• _Goal of the exercise_: Copy each line below word for word and drop every image.

• _Source data_:
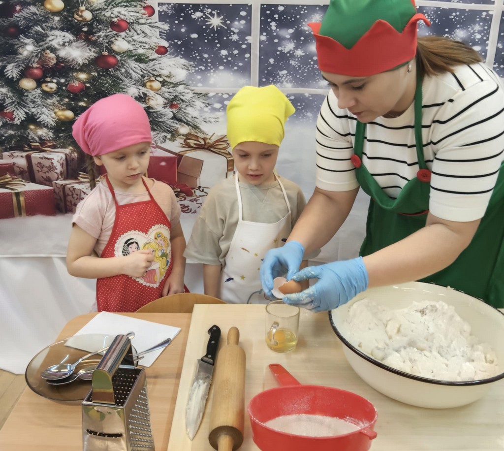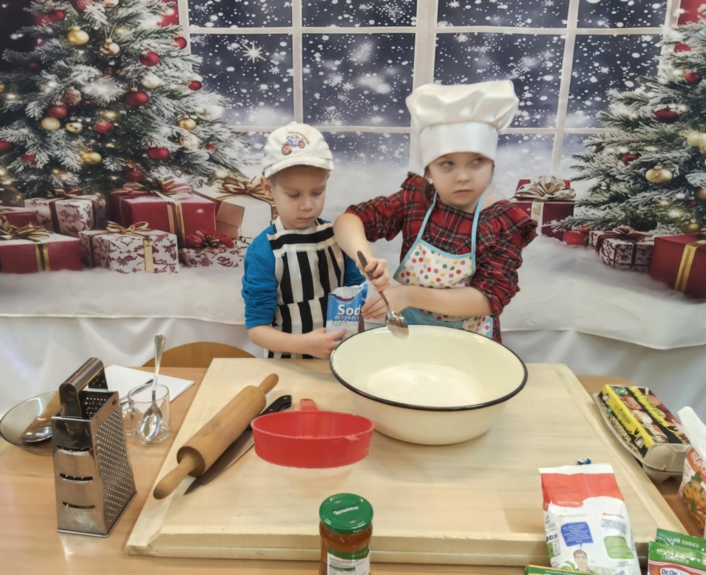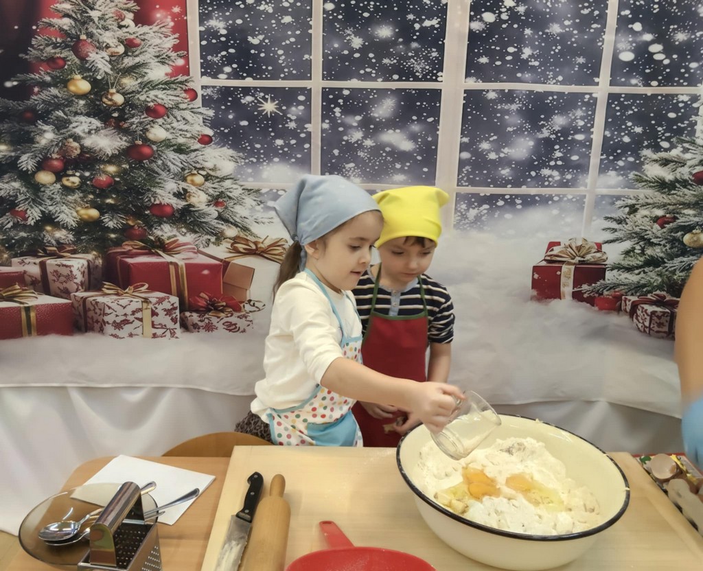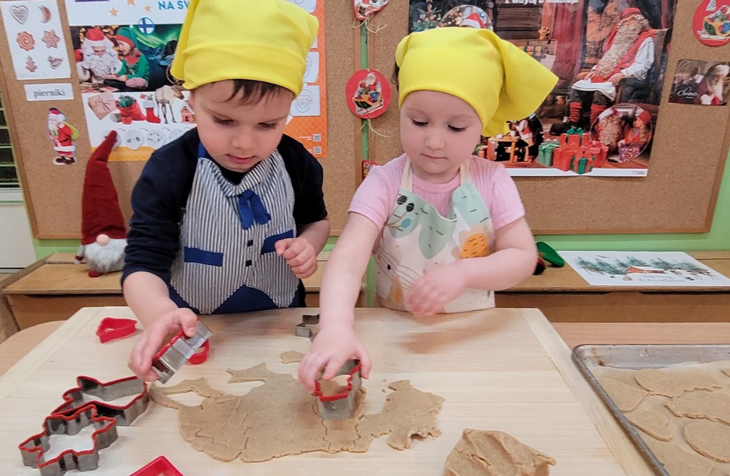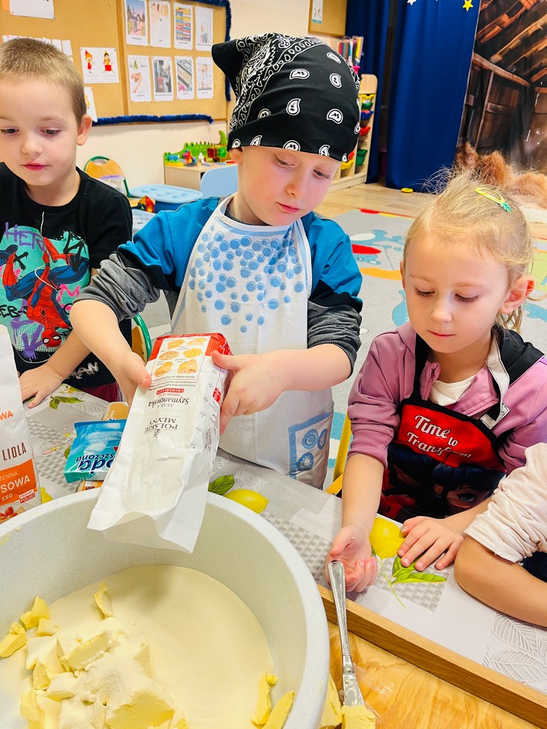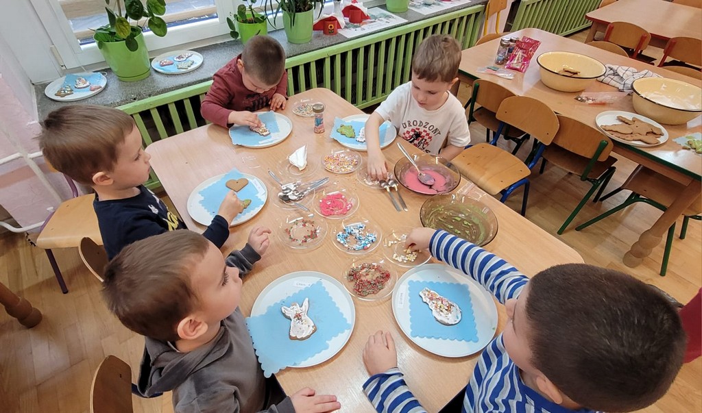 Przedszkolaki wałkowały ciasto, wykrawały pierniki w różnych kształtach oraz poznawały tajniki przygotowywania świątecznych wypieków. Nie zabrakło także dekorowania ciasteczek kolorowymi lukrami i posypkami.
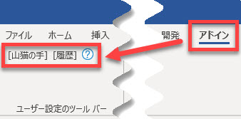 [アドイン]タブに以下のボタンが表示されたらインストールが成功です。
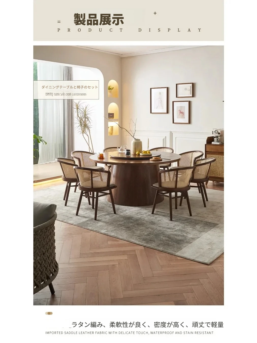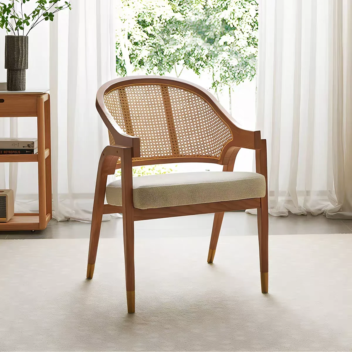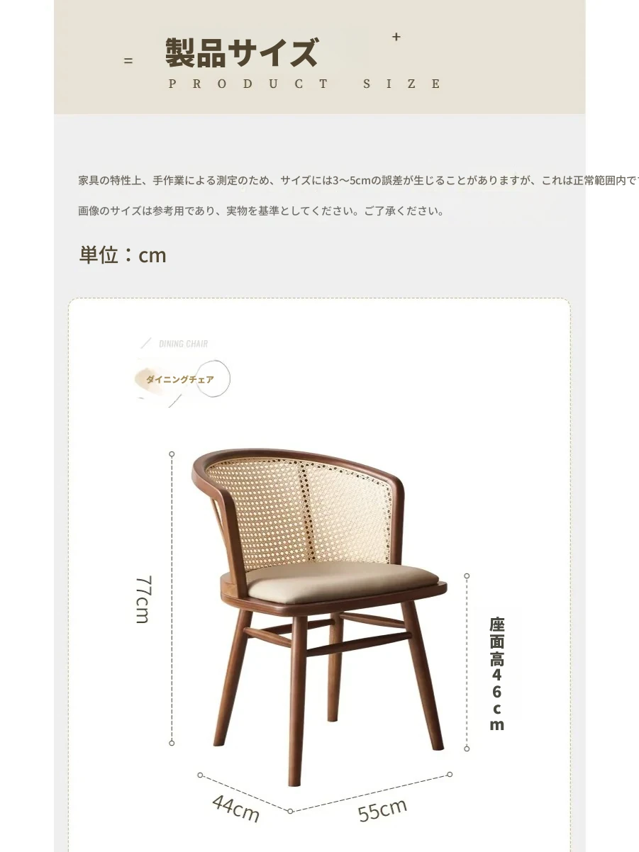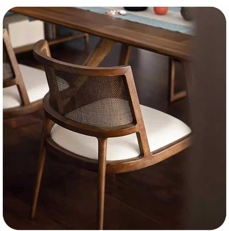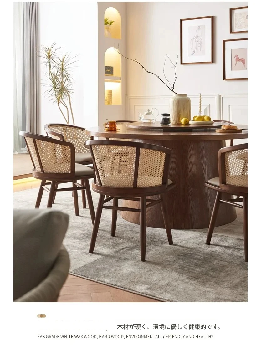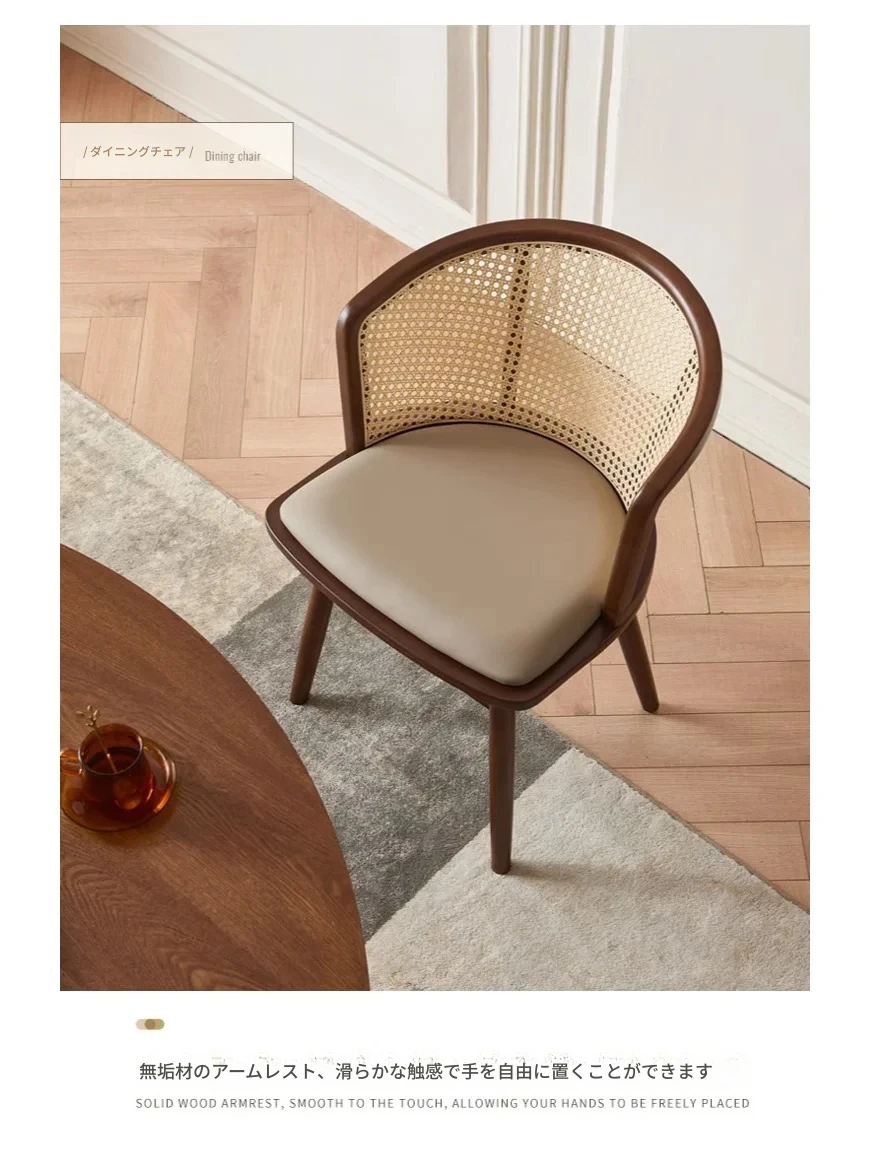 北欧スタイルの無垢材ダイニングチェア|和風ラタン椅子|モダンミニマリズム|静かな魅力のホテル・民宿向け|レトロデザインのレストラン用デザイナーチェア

• _Result_:
 Przedszkolaki wałkowały ciasto, wykrawały pierniki w różnych kształtach oraz poznawały tajniki przygotowywania świątecznych wypieków. Nie zabrakło także dekorowania ciasteczek kolorowymi lukrami i posypkami.
 [アドイン]タブに以下のボタンが表示されたらインストールが成功です。
 北欧スタイルの無垢材ダイニングチェア|和風ラタン椅子|モダンミニマリズム|静かな魅力のホテル・民宿向け|レトロデザインのレストラン用デザイナーチェア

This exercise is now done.